The money spent by the ruling class on preserving its rule is like the rake in poker; it’s what you need to pay in order to have the game. It is not, by itself, the determining factor in how profitable the game is, but you certainly want it as low as possible. Hence, we can rely on the ruling class spending as little as it can get by with. Prisons, police, secret police, surveillance are not things that come cheap. Your likelihood of spending your money on a security system is a function of, primarily, how worried you are about being burglarized. And if you must install it, you spend as little as is required to provide a sense of safety. As we study generally “liberal” societies (the Weimar Republic, the Second Spanish Republic, Italy under Giolitti), we see the rise of fascism in response to the intensity of the class struggle; whereas such oppressive regimes as Franco’s in Spain and Greece under the Junta gradually became more liberal as the class struggle eased under the influence of the post-war boom. The same phenomenon is repeated, only faster, in several South American countries.
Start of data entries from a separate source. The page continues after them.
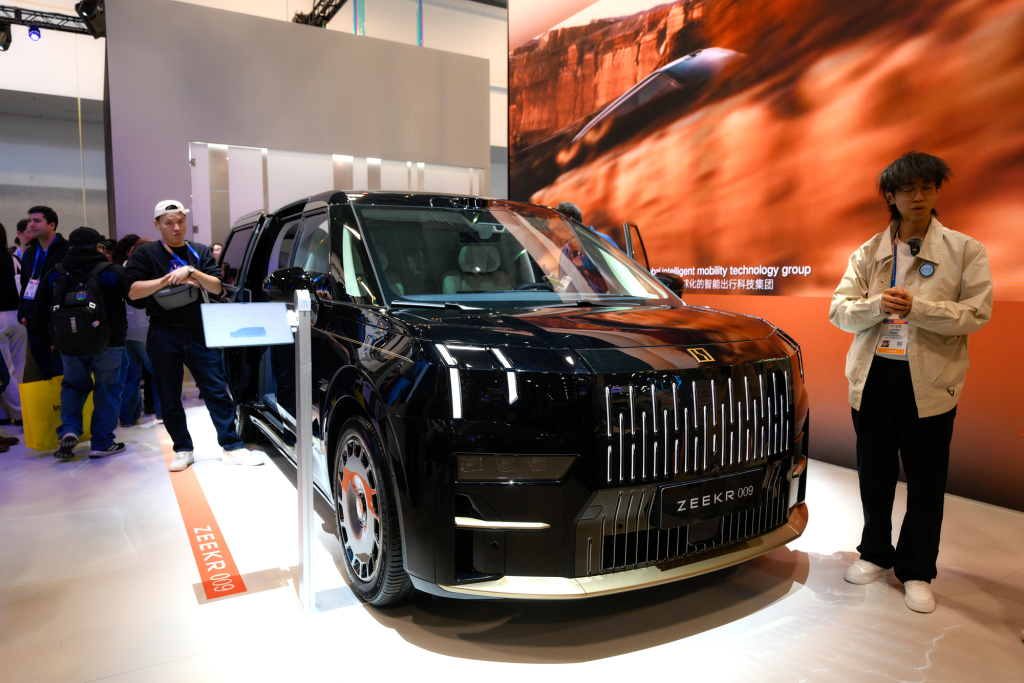 1月6日,在美国拉斯维加斯消费电子展上,一辆极氪009高科技豪华电动汽车亮相。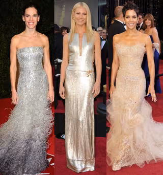 Anne Hathaway y Jennifer Lawrence completaron el listado de las mejor vestidas en esta tonalidad. La primera esocogió un traje de Valentino Couture 2002, palabra de honor, con falda de tubo y recto y sencillo por delante, puesto que todo el protagonismo recaía por la parte de atrás, con cola abullonada y flores en los laterales; mientras que la rubia actriz hizo una sexy aparición con un escotado vestido de Calvin Klein y clutch plateado de Judith Leiber.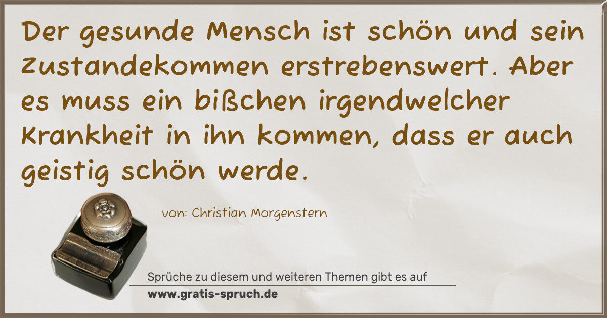 »Der gesunde Mensch ist schön und sein Zustandekommen erstrebenswert. Aber es muss ein bißchen irgendwelcher Krankheit in ihn kommen, dass er auch geistig schön werde.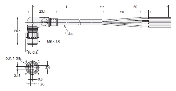 | Cable specifications | Type | Robot Cable | Outer diameter | 4 mm dia. | Number of wires | 4 cores | Cable length | 0.3 m |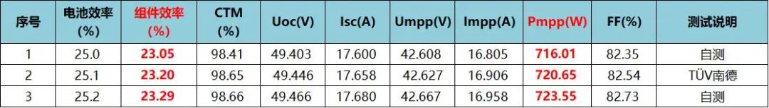 近日,经权威第三方检测认证机构TüV南德认证,捷佳伟创G12-132版型异质结组件平均功率达到了720.65W(南德新标准),组件平均转换效率23.20%,属于行业前列水平。这是公司继高速RF微晶P沉积技术、600MW异质结电池整线出货后,在异质结电池技术领域取得的又一进展。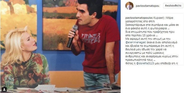 O Παύλος Σταματόπουλος το πρωί της Κυριακής 05/11 θυμήθηκε στιγμές από το παρελθόν, χαλαρώνοντας στο σπίτι του. Ο αρχισυντάκτης της εκπομπής «Εδώ» στον ΣΚΑΪ παλιότερα είχε συνεργαστεί με την Ελένη Μενεγάκη και δημοσίευσε στον προσωπικό του λογαριασμό στο Instagram μια αδημοσίευτη φωτογραφία τους.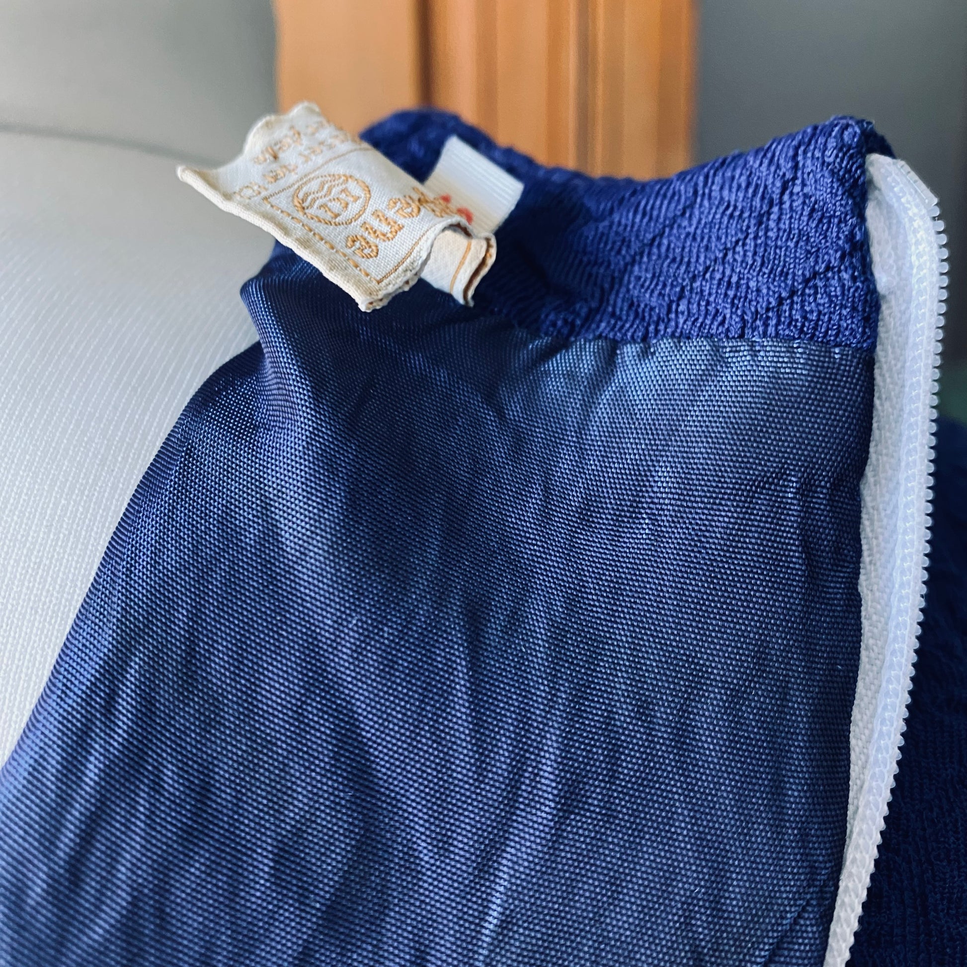 Such a classic mod style navy blue vintage shift dress with its textured look and white geometric stripes. Super sharp and stylish .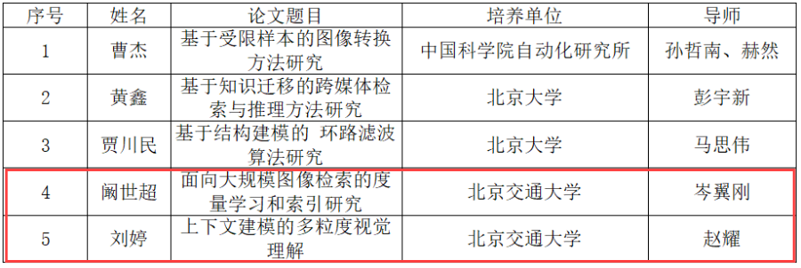 近日,北京图象图形学学会公布了BSIG2022优秀博士学位论文及优秀导师评选结果。计算机与信息技术学院阚世超、刘婷两位博士的学位论文《面向大规模图像检索的度量学习和索引研究》、《上下文建模的多粒度视觉理解》双双入选。岑翼刚教授、赵耀教授获得2022年北京图象图形学学会优秀导师奖。

This observation is hardly profound: Society is as repressive as necessary to protect itself under given conditions. It can be complicated by custom, ideology, paranoia, and simple miscalculation on the part of the ruling elite; and it, too, has its dialectical element: sometimes a less oppressive state can reduce class tensions, and a more repressive State exacerbate them. But the general rule still retains its power. If anyone can suggest a counter-example—that is, an extremely repressive State in a peaceful society, or the reverse—I’d be glad to hear it. I believe we can simplify the matter into the following two laws:
1. There is always a correspondence between how repressive the State is at a given time and place, and the intensity of the class struggle.
2. The intensity of the class struggle is a reflection of the degree of inequality at that time and place.
I beg to submit that we Americans have seen this process up close for the last few years.
Knowing this, what, then, is the program of the vanguard party of the proletarian revolution after seizing State power? The workers councils, or similar organs, that made the revolution, become the sovereign power, and are guided by the principles of free election, and, moreover, immediate recall. Should there be full-time functionaries, they must be paid no more than the workers they represent, and “immediate transition to a regime in which all will fulfill the functions of control and supervision so that all may for a time become ‘bureaucrats’ and therefore nobody can become a bureaucrat.” This is Trotsky, quoting Lenin.
The analogy of a workers state to a trade union has often been made, with the further comparison of a deformed workers state to a corrupt trade union. As a thought experiment, consider how much better would be the condition of rank and file workers today if they were represented by unions in which the above policies were enforced.